Last week a friend pointed me to an article called 3 Defining Features of ADHD That Everyone Overlooks… and my world was rocked. Because I have all three of these — and more.

So I began researching it, and talking to my counselor who agrees, that there is an extremely high probability that I have previously-undiagnosed ADHD. I don’t mind telling you… it has been a revelation. So many things that I have for my whole life regarded as anything from “just a weird quirk” to “a major personality flaw,” I have started to understand instead as merely symptoms of a genetic variation in my brain structure.

If you have a cold, you may get annoyed that you keep sneezing, but you don’t see sneezing as some kind of personal failing. Sneezing is a symptom. The shift in personal acceptance and self-forgiveness was sudden, and profound.

And it has also opened up all kinds of new avenues of thought for me. For instance, I have for a long time been in an ongoing battle with my to-do list. Those who’ve followed my personal blogs over the years may recall that I always referred to it as my “Too Much To Do List.” And every day, at the end of the day, those three things that didn’t get finished (out of the eighteen things on the list) were always what I saw.

Because the list wasn’t completed, I felt like I had failed. One of the checked off complete items could have been “Cure Cancer” and I’d still be like “But dammit, I didn’t do the dishes.”

First, I now know this is absolutely a normal thing for people with ADHD to go through. So that makes me feel a little better.

Second, looking at this through the lens of ADHD and how to cope with it, I was wondering how I could re-frame the list to be a positive instead of a negative.
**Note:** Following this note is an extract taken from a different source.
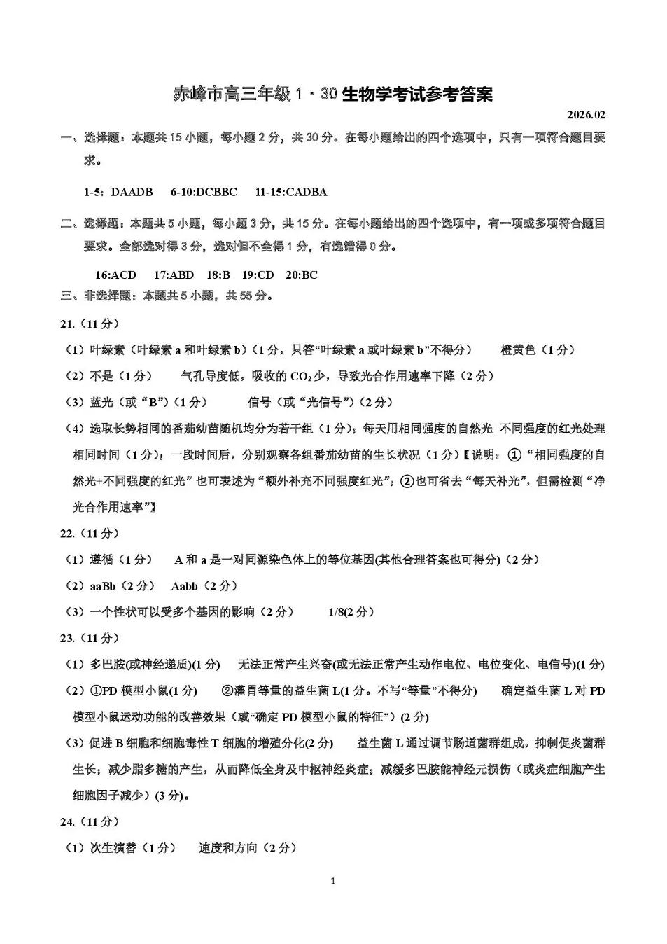 赤峰市高三年级1·20模拟考试 生物答案.pdf

Finally I realized, the true power of the list is not that these are things that must be done, but instead, it’s a menu of things I can choose from when deciding what to do next.

In short, it’s not “To Do,” it’s “Can Do.” “I have an hour before my next coaching call, what can I get done? I can post to my writing group, I can work on commissions, I can write a blog entry. Think I’ll do that one!”

And the flip side of “Can Do” something? You can also “Not Do” something! Short of a hard deadline (an appointment, a bill due, that kind of thing), everything on the list is an option I can say “yes” or “no” to. Just like Sonic the Hedgehog is not supposed to collect all the rings, the goal isn’t to clear everything off the list. The goal is to use the list as a tool for staying on track and avoid analysis paralysis. In fact, if I reach the end of the day and have everything checked off, that probably means that I didn’t have enough things on the list! Inbox Zero = Playing Small.

This line of thinking is a radical departure for me… but I’m digging it.

What about you? Is this an approach that could help you? Is there another method that you like better? I’d love to hear about it!